SOURCE DATA:
----------------
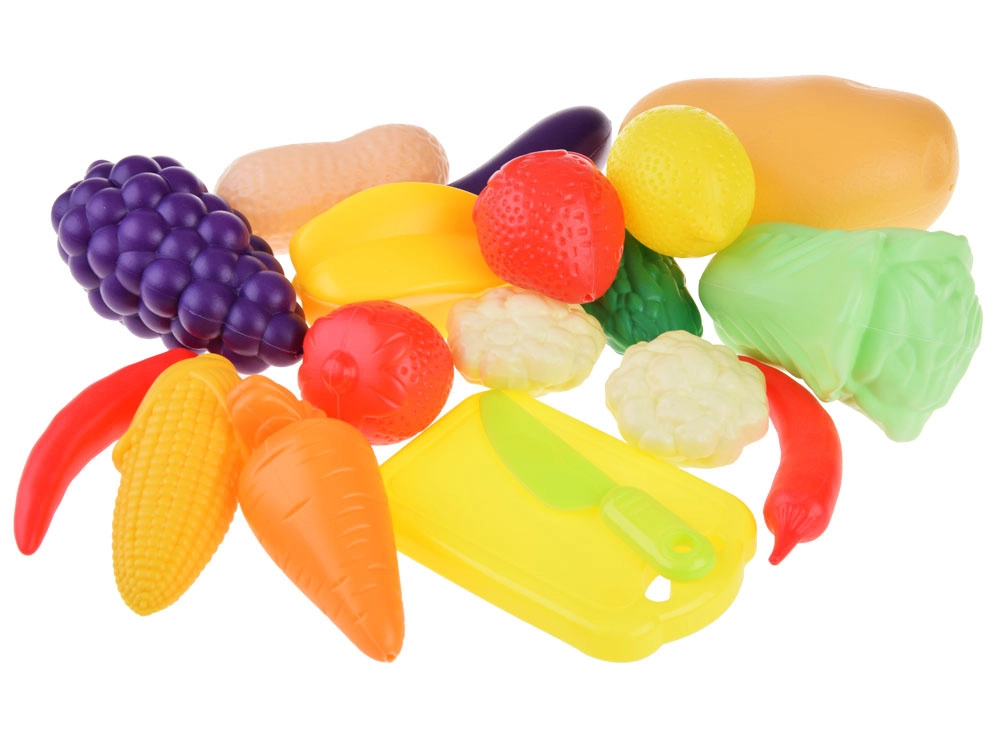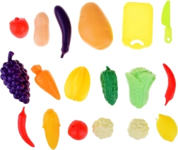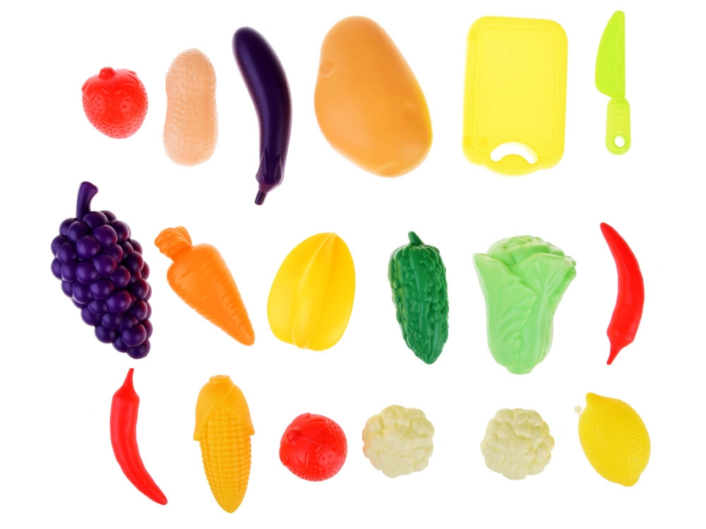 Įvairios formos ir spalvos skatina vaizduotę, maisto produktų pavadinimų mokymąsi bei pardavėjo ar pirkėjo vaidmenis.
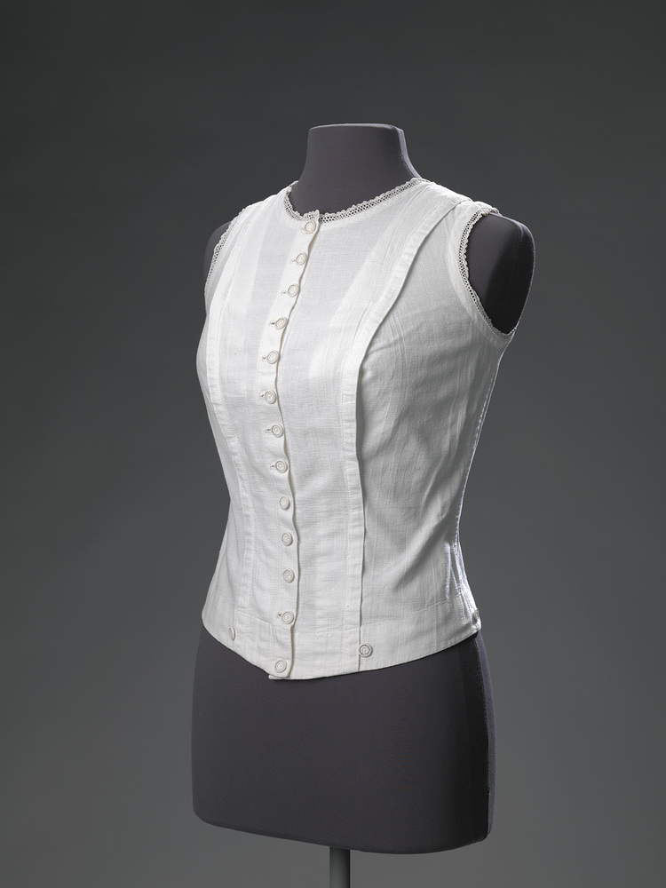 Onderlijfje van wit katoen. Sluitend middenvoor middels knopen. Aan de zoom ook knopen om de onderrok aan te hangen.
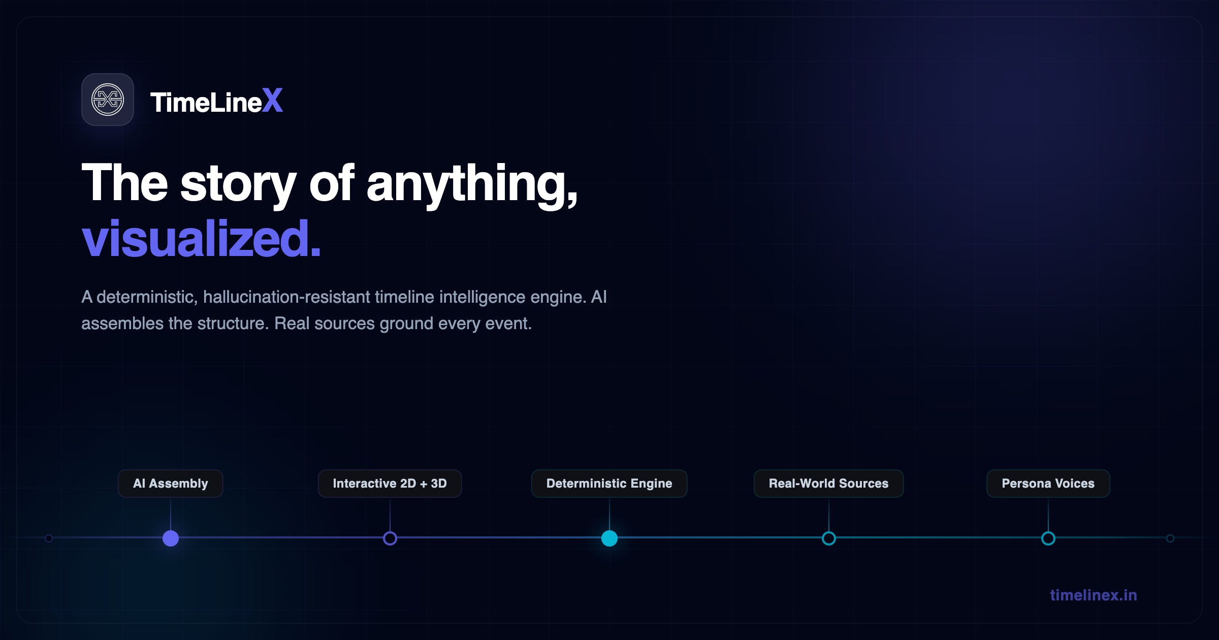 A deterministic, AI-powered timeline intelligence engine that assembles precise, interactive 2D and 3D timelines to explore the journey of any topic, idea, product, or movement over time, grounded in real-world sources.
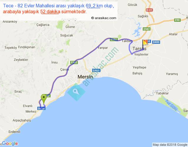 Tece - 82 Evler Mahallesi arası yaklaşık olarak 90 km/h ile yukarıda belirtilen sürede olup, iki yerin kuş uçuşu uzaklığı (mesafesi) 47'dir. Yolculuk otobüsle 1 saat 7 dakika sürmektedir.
----------------
TASK GOAL:
Transcribe the listing exactly. Its images are to be omitted.

ANSWER:
 Įvairios formos ir spalvos skatina vaizduotę, maisto produktų pavadinimų mokymąsi bei pardavėjo ar pirkėjo vaidmenis.
 Onderlijfje van wit katoen. Sluitend middenvoor middels knopen. Aan de zoom ook knopen om de onderrok aan te hangen.
 A deterministic, AI-powered timeline intelligence engine that assembles precise, interactive 2D and 3D timelines to explore the journey of any topic, idea, product, or movement over time, grounded in real-world sources.
 Tece - 82 Evler Mahallesi arası yaklaşık olarak 90 km/h ile yukarıda belirtilen sürede olup, iki yerin kuş uçuşu uzaklığı (mesafesi) 47'dir. Yolculuk otobüsle 1 saat 7 dakika sürmektedir.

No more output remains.